• [WORK ORDER]
The line with "5.面 涂:用鏝刀將環氧樹脂自流平面料鏝涂于中涂之上(參考用量0.8-1.5 kg/㎡)。" and each line following it, up to the final line of the data, should be set down exactly; pictures stay out.
--- PROVIDED ENTRIES Enclosed Below ---
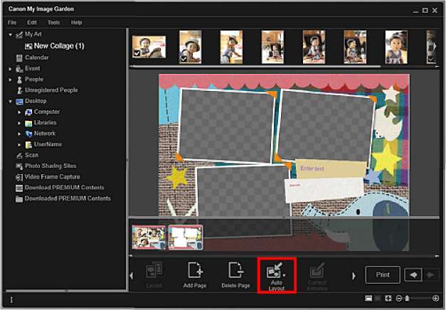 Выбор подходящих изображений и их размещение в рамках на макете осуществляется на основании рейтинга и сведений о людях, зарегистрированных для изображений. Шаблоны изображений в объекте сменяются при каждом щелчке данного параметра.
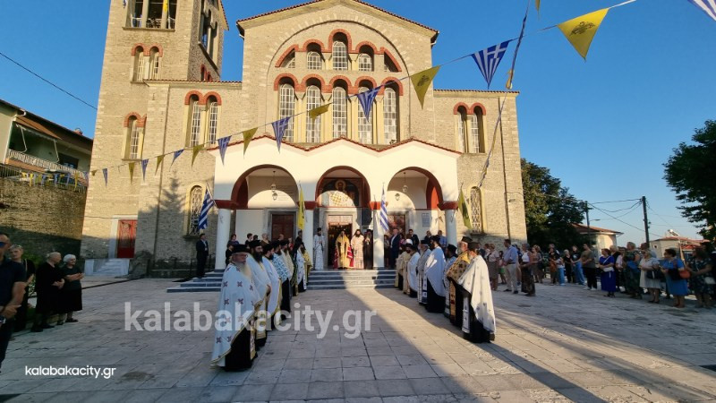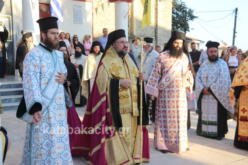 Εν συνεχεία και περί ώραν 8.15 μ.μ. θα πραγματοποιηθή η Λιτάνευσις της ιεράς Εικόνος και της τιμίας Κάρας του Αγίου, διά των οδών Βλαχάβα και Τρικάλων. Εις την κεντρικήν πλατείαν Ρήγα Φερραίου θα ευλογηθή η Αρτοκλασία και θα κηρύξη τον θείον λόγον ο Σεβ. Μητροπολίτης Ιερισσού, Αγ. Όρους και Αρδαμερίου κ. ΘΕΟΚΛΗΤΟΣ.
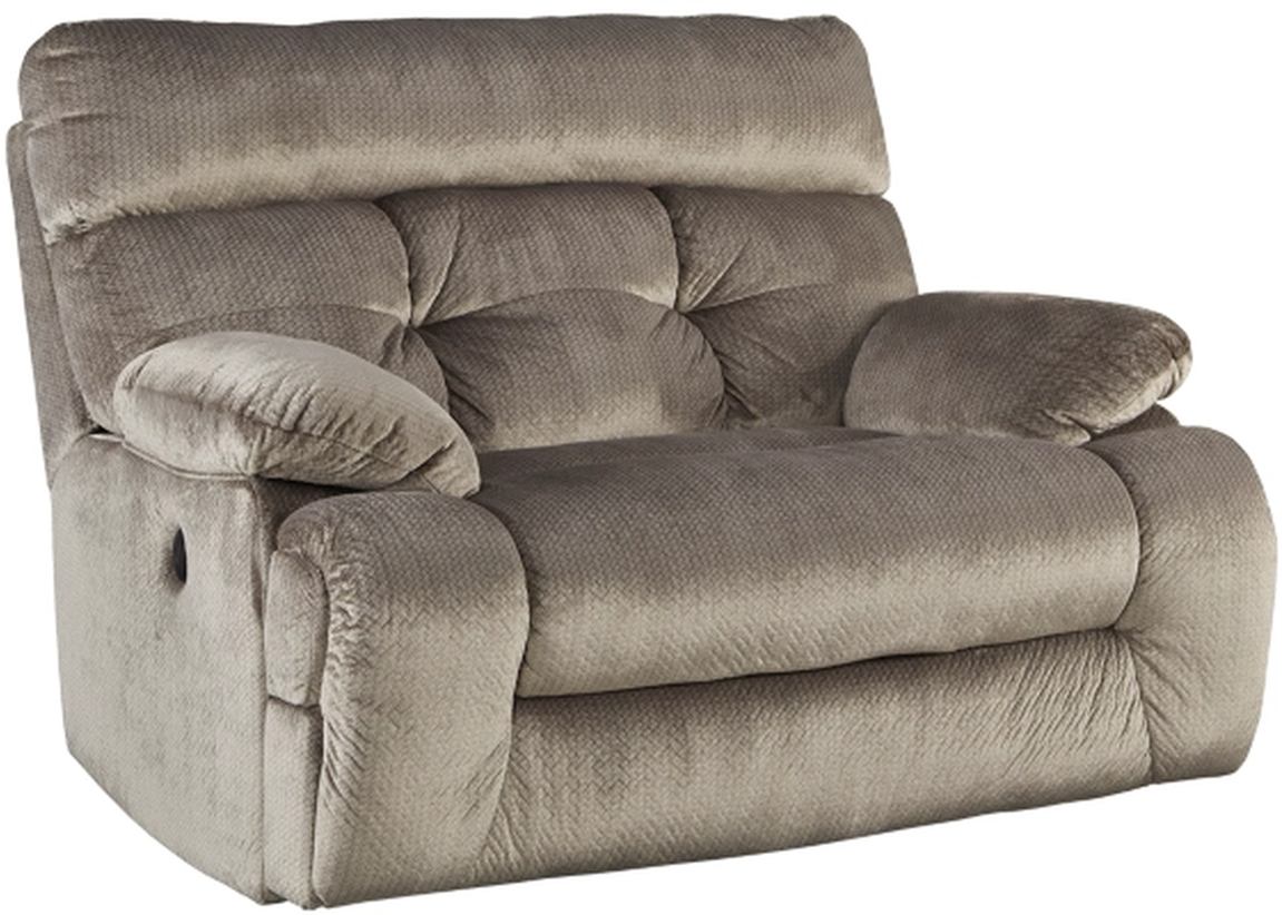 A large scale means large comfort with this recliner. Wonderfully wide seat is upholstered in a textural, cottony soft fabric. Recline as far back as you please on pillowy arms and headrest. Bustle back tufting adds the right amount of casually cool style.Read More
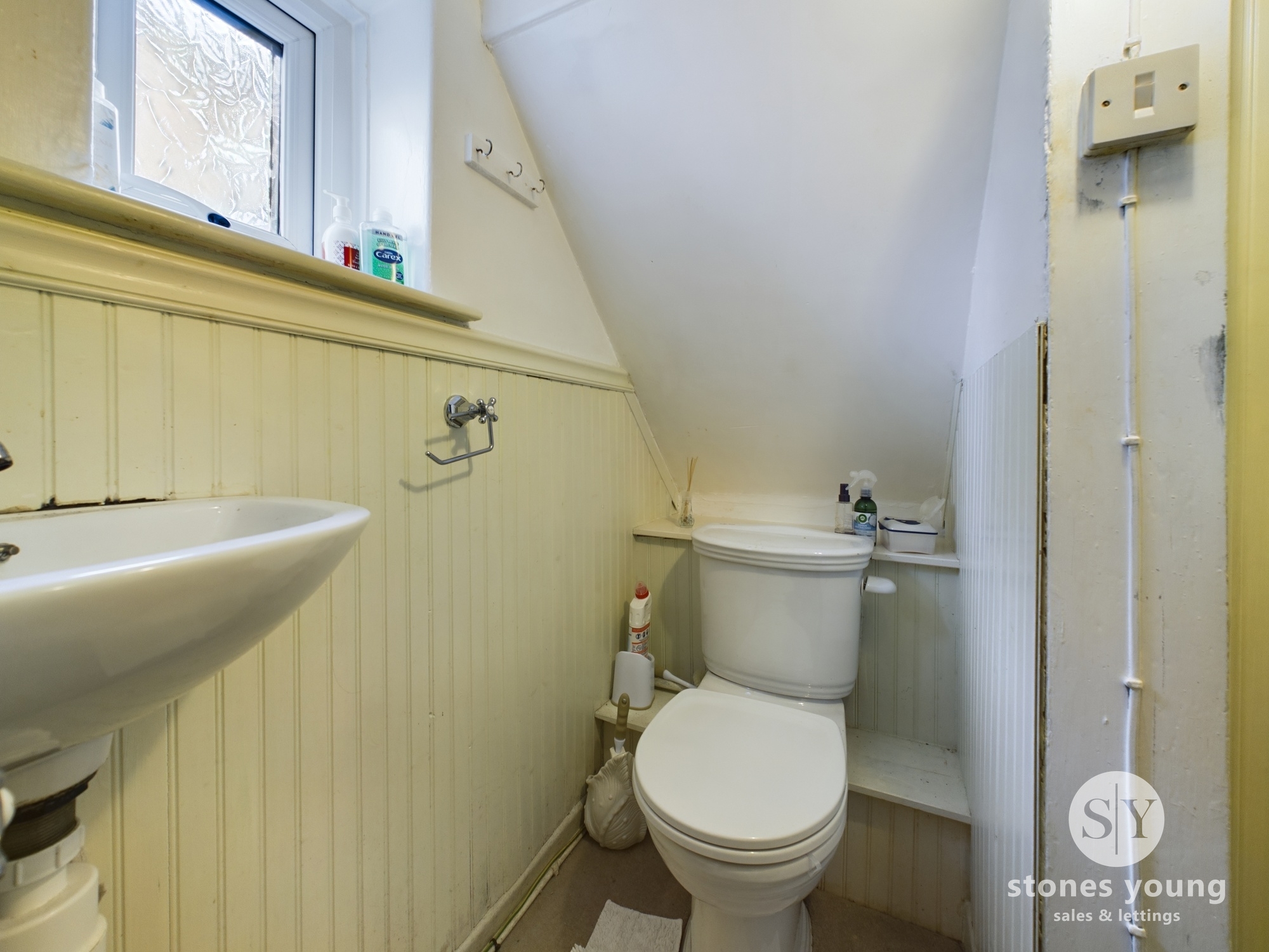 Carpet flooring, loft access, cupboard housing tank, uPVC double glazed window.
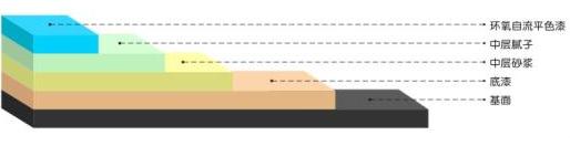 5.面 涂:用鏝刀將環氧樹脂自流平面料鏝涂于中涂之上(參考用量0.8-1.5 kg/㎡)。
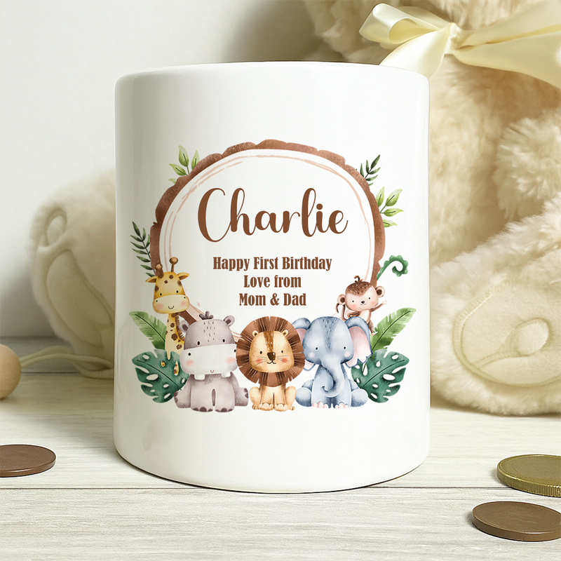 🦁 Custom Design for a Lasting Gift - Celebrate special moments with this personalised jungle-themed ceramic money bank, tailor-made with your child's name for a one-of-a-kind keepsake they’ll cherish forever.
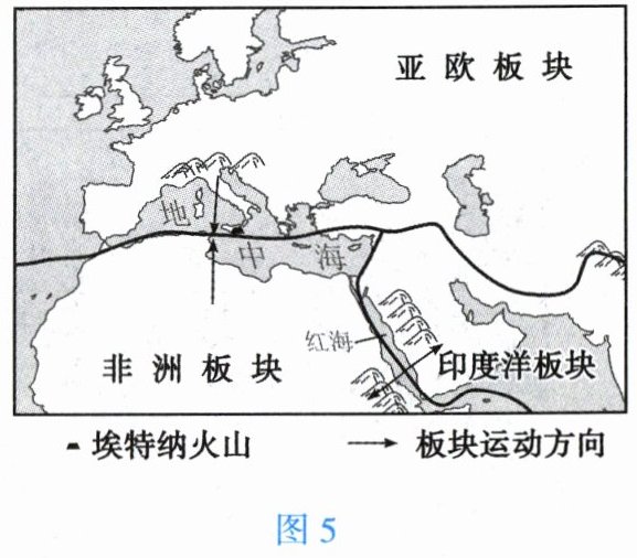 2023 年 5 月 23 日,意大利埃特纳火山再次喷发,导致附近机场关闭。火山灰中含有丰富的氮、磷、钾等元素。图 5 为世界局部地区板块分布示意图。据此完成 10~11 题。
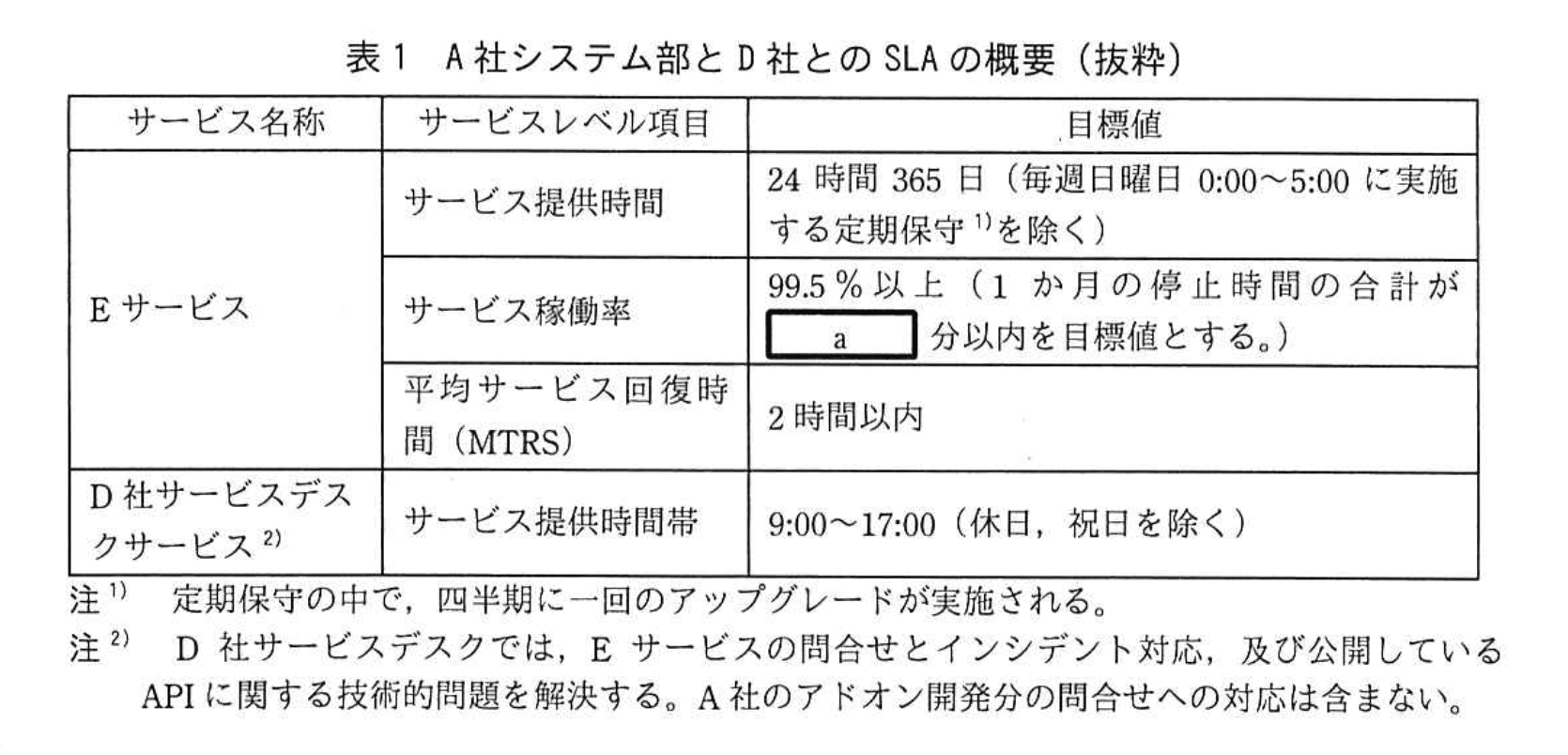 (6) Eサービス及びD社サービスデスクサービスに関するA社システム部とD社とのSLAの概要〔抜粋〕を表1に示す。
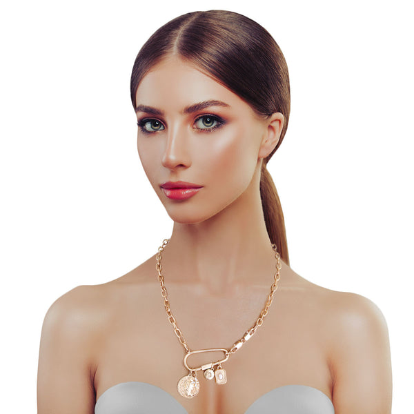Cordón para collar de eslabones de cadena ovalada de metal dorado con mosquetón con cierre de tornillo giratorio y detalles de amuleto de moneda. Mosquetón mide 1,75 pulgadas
--- End of Enclosed PROVIDED ENTRIES ---
• [OUTPUT BELOW]
 5.面 涂:用鏝刀將環氧樹脂自流平面料鏝涂于中涂之上(參考用量0.8-1.5 kg/㎡)。
 🦁 Custom Design for a Lasting Gift - Celebrate special moments with this personalised jungle-themed ceramic money bank, tailor-made with your child's name for a one-of-a-kind keepsake they’ll cherish forever.
 2023 年 5 月 23 日,意大利埃特纳火山再次喷发,导致附近机场关闭。火山灰中含有丰富的氮、磷、钾等元素。图 5 为世界局部地区板块分布示意图。据此完成 10~11 题。
 (6) Eサービス及びD社サービスデスクサービスに関するA社システム部とD社とのSLAの概要〔抜粋〕を表1に示す。
Cordón para collar de eslabones de cadena ovalada de metal dorado con mosquetón con cierre de tornillo giratorio y detalles de amuleto de moneda. Mosquetón mide 1,75 pulgadas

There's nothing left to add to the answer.